Sudan doctors: ‘Expired flour spikes food poisoning’

A community food kitchen in Maygoma, Khartoum North (Photo: @aboubker_ via X)

The Sharg El Nil (East Nile) Emergency Room in Khartoum North reported 25 new cases of food poisoning yesterday, adding to several incidents recorded over the past three days. Doctors, who treated these patients, attributed the illnesses to expired flour and food oils.

Medical professionals confirmed that most of the cases resulted from consuming food items without checking expiration dates. The ongoing food shortages and soaring prices have worsened Sudan’s hunger crisis, compelling many to consume unsafe food.

In a statement obtained by Radio Dabanga, the East Nile Emergency Room urged people to exercise caution when purchasing oils, flour, and other food products. They stressed the importance of verifying the expiration dates to avoid further health risks.

Charity kitchens

The Sudanese Hadhreen organisation reported in March that it managed to restore communication with 21 of the 25 charity kitchens it is supporting in Khartoum state. 

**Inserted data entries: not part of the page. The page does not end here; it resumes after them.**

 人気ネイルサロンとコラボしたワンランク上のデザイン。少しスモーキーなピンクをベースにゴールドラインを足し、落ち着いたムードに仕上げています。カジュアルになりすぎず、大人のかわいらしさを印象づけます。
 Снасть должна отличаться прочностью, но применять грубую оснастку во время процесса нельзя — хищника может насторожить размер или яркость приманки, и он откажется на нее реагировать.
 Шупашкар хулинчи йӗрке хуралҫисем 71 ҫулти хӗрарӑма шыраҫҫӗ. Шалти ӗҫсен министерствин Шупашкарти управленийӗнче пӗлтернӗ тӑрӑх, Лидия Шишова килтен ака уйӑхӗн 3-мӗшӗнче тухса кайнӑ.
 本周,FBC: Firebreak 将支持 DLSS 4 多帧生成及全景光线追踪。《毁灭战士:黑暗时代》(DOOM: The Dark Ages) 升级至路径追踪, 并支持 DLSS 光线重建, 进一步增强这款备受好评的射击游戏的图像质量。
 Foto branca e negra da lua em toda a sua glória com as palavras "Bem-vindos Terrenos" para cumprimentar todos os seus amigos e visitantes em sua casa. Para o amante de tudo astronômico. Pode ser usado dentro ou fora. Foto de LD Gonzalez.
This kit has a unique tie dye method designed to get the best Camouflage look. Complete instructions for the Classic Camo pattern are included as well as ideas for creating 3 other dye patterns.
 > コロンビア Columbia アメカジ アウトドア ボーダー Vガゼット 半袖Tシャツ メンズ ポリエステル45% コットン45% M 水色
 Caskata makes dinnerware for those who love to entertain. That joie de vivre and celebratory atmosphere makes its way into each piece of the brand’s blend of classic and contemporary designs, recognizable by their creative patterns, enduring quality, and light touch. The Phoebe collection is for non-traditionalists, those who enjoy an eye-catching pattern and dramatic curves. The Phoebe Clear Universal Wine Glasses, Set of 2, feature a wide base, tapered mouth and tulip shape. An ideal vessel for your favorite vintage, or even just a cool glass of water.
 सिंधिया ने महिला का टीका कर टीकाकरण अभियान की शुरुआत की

Volunteers are forced to travel to northern Sudan, where Internet connections are working again, to receive donations to the kitchens transferred via banking apps.

Hadhreen is not the only group supporting so-called community kitchens in the three cities of Khartoum state: Omdurman, Khartoum, and Khartoum North (Khartoum Bahri). 

The Khartoum Emergency Room reported in the last week of February that the communications blackout that began in the region in end January has forced 221 of the about 300 community kitchens to suspend their charity work, leaving people in the three cities without access to food.

240,000 families in Khartoum state are threatened with severe hunger. The emergency room state that “the closed kitchens were the only refuge for those who have no breadwinners and no food”.

The United Nations World Food Programme (WFP) warned in February that the vast majority of Sudanese face severe hunger, with more than five million people unable to have one adequate meal per day, due to the ongoing war between the Sudanese Armed Forces (SAF) and the paramilitary Rapid Support Forces (RSF).